Ülkemizin dört bir yanında, ciğerlerimiz olan ormanlar maalesef cayır cayır yanıyor.

Ülkemizin dört bir yanında, ciğerlerimiz olan ormanlar maalesef cayır cayır yanıyor. Her yaz benzer bir tabloyla karşılaşıyor, ne yazık ki çoğu zaman çaresizlik içinde izlemek zorunda kalıyoruz. Evet, mücadele ediliyor… Hem de büyük bir gayretle. Zamanında alınan önlemler, yoğun çabalar, uçaklar, helikopterler, kara araçları ve binlerce personelin katılımıyla sürdürülen amansız bir savaş… Ancak bu büyük çabaya rağmen ortaya çıkan zarar, yürek sızlatacak boyutlara ulaşıyor.

Burada bir durup düşünmemiz gerekiyor: Bu kadar büyük bir çabaya rağmen neden her yıl bu denli büyük kayıplar veriyoruz?

Yanlış giden bir şeyler olduğu çok açık.

Belki hava araçlarımız yetersiz.

Belki helikopterler ihtiyaca cevap veremiyor.

Ya da kara ekipmanımız ve personel sayımız hala olması gereken seviyede değil.

Bu tablo bize gösteriyor ki; orman yangınlarıyla mücadele politikamız köklü bir şekilde yeniden ele alınmalı.

Hava ve kara araçlarının, bu araçlara bağlı ekipmanların ve en önemlisi insan gücünün sayısı artırılmalı

Dünyanın yangınla mücadelede başarılı olmuş ülkeleri incelenerek, onların kullandığı teknik ve taktikler ülkemize uyarlanmalı.

Artık ezberleri bozmanın ve günü kurtaran değil, geleceği planlayan bir sisteme geçmenin zamanı gelmiştir.

Aslında mesele sadece yangın da değil.

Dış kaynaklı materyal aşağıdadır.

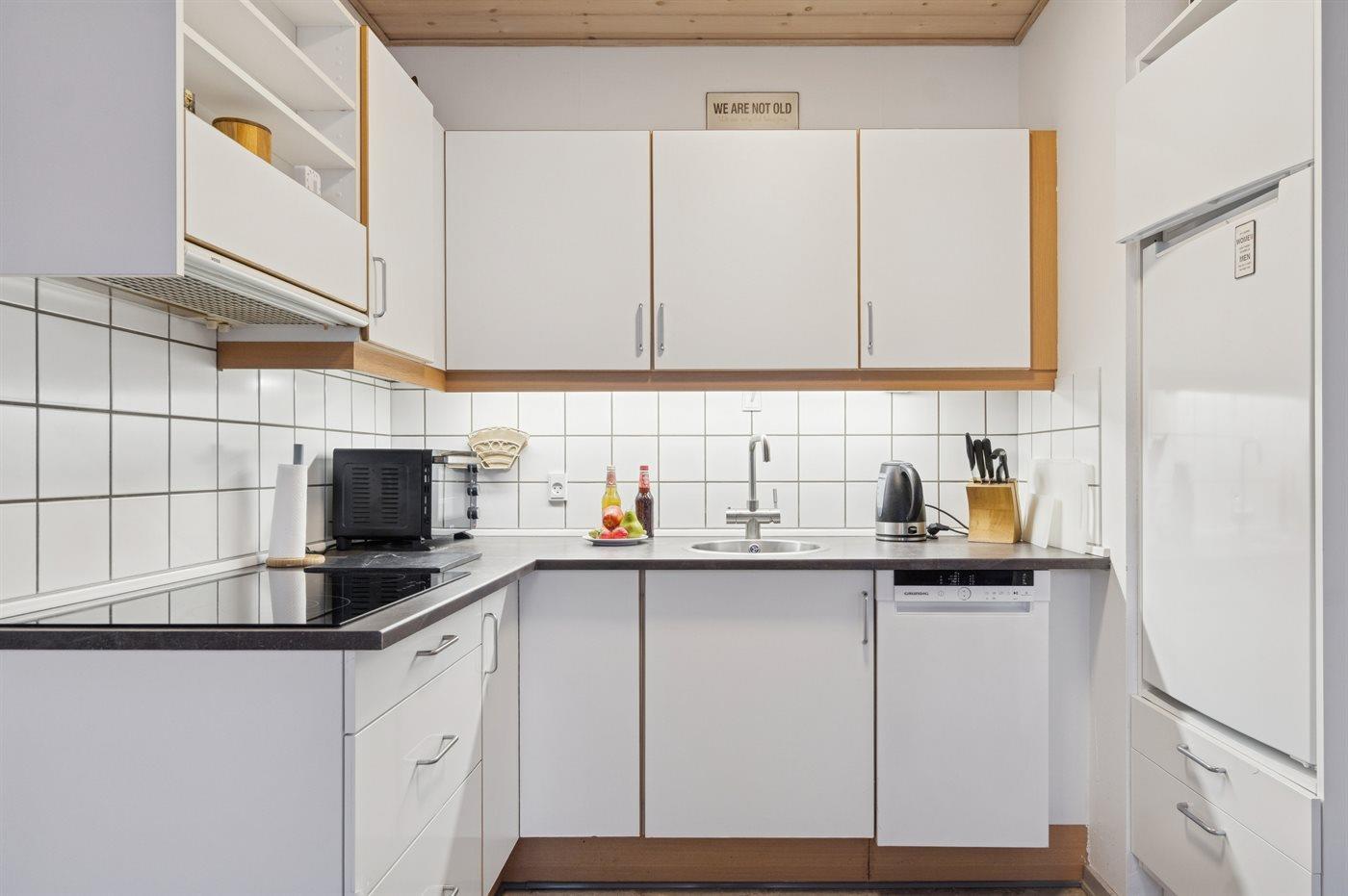 Die Küche ist mit Kühlschrank ausgestattet. Außerdem gibt es 4 Keramik-Kochfelder, Minibackofen, Mikrowelle sowie Geschirrspüler.

Sel, deprem, toprak kaymaları ve bunun gibi afetlerin her biri ayrı bir kriz yönetimi gerektiriyor.

Her afette yeniden koordinasyon sağlamak, ayrı kurumlardan destek istemek, geçici çözümler üretmek hem vakit kaybına yol açıyor hem de ciddi can ve mal kayıplarına neden oluyor.

Bu nedenle artık “afet” işlerinin tek çatı altında toplandığı, uzmanlaşmış ve tam donanımlı bir “Afet Bakanlığı”nın kurulması elzem ve kaçınılmazdır.

Kurulacak bu yeni bakanlığın temel görevi; yalnızca afetlerle mücadele etmek değil, aynı zamanda bu alandaki tüm bilgi, tecrübe ve eğitimi tek elde toplamak olmalıdır.

Afet anlarında hızlı ve etkin müdahale kadar, afet öncesinde alınacak önlemler, halkın bilinçlendirilmesi ve profesyonel eğitimlerin verilmesi de bu bakanlığın asli görevleri arasında yer almalıdır…

Türkiye’nin geleceği, afetlere hazırlıklı olmaktan geçiyor. Daha fazla orman, daha fazla can, daha fazla umut kaybetmeden gereken adımlar bir an önce atılmalı.